> **Your task**
Wherever a picture appears, leave it out, and transcribe the rest of the records exactly.

> **Listed records**
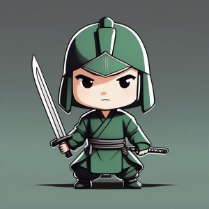 AI art prompt English – Chibi Shaolin Monk in Gong Fu Stance, Pastel Orange Robes, 8K
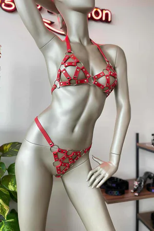 Kırmızı Deri Sütyen Takım Deri İç Giyim
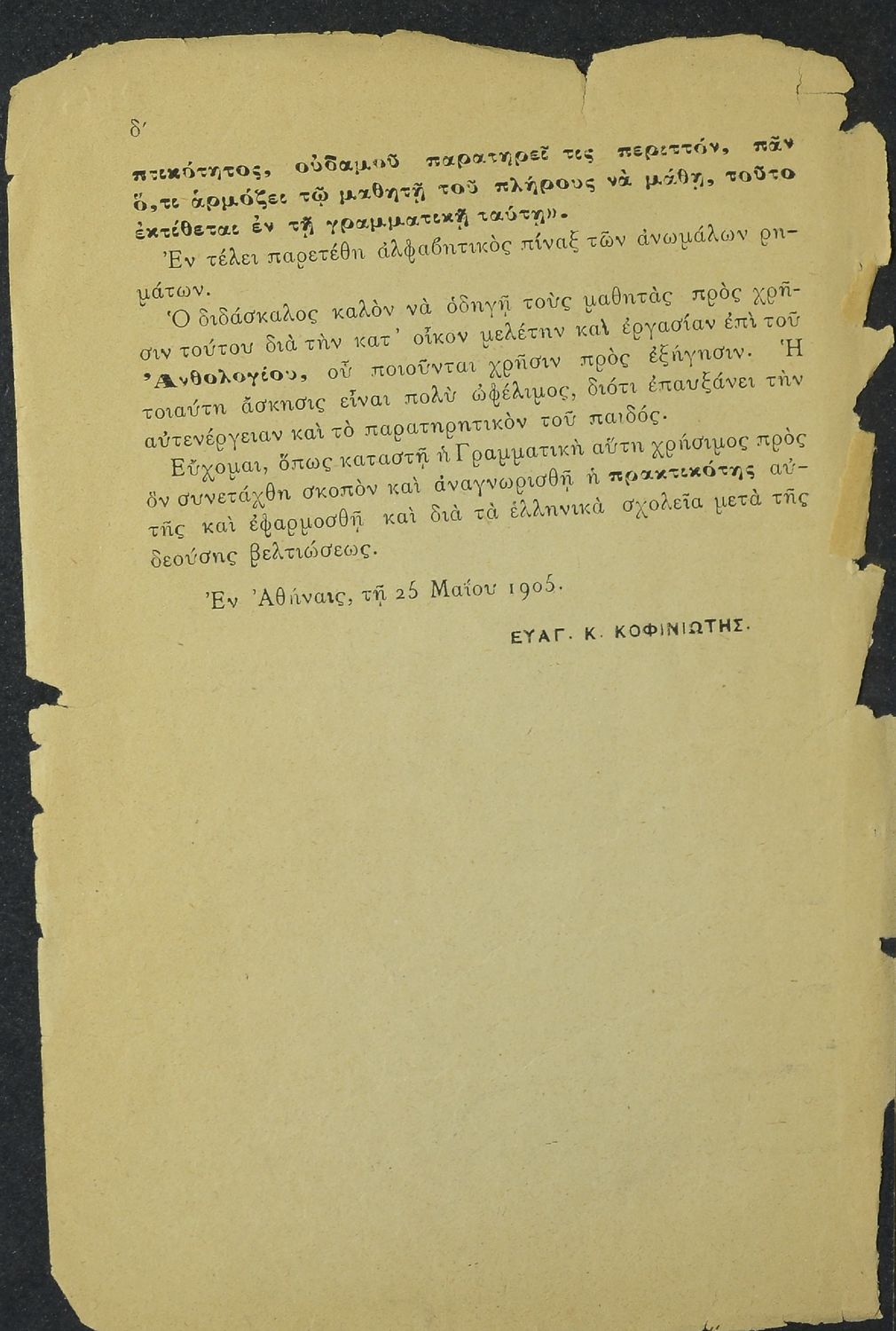 Έτος έκδοσης: 1905 Τόπος έκδοσης: Αθήνα |
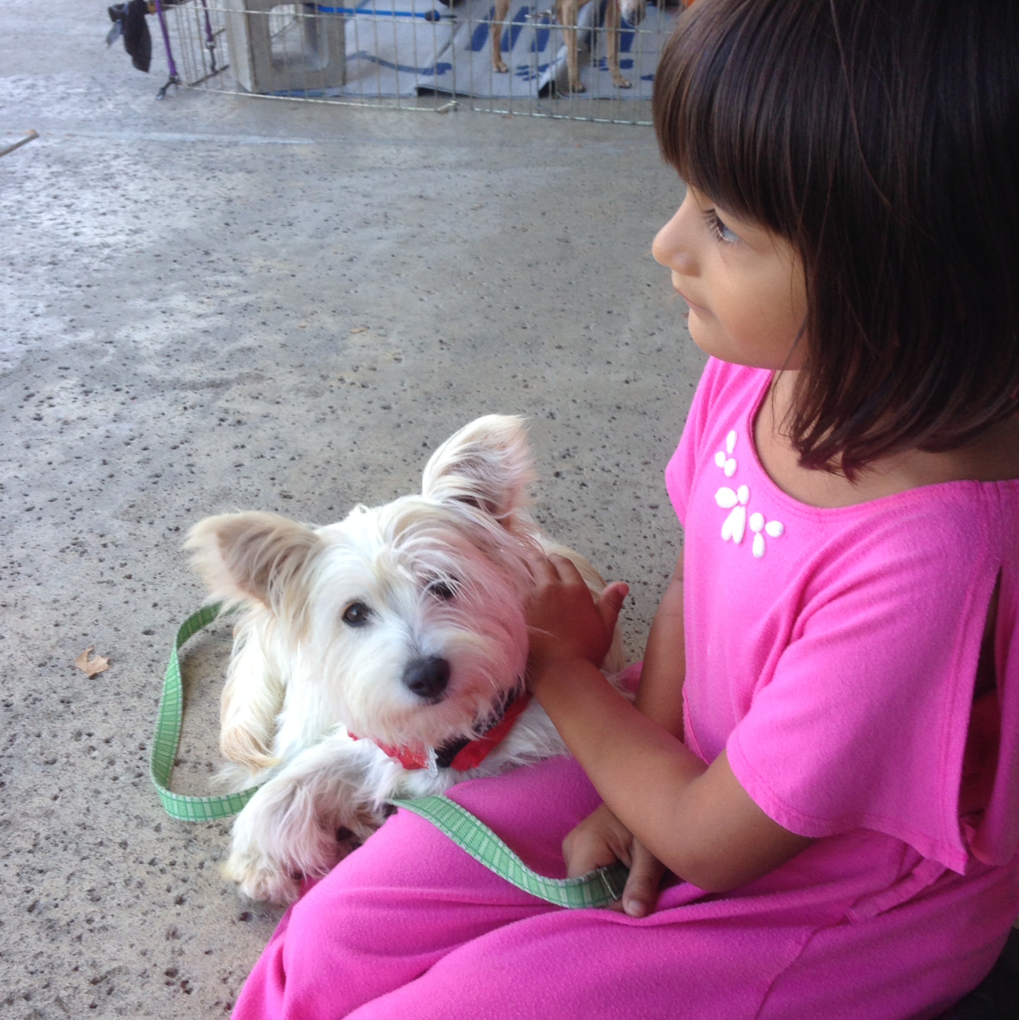 The woman who was fostering Claira was at the event. She told us that Claira was pretty shy and timid. They were originally weary of placing her with a family with young kids, particularly because Mateo is still young. But, luckily for us, Teo was tired (it was nap time) and just about asleep on Dennis’s shoulder for most of the time we were there. Sienna sat calmly and petted Claira, until she started to demonstrate behaviors that showed the volunteers that she was comfortable and happy.
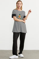 Baskı detaylı çizgili penye takım geniş kalıp, tunik boy olarak üretilmiştir. Spor kombin kolaylığı sağlar.

> **Answer space**
 AI art prompt English – Chibi Shaolin Monk in Gong Fu Stance, Pastel Orange Robes, 8K
 Kırmızı Deri Sütyen Takım Deri İç Giyim
 Έτος έκδοσης: 1905 Τόπος έκδοσης: Αθήνα |
 The woman who was fostering Claira was at the event. She told us that Claira was pretty shy and timid. They were originally weary of placing her with a family with young kids, particularly because Mateo is still young. But, luckily for us, Teo was tired (it was nap time) and just about asleep on Dennis’s shoulder for most of the time we were there. Sienna sat calmly and petted Claira, until she started to demonstrate behaviors that showed the volunteers that she was comfortable and happy.
 Baskı detaylı çizgili penye takım geniş kalıp, tunik boy olarak üretilmiştir. Spor kombin kolaylığı sağlar.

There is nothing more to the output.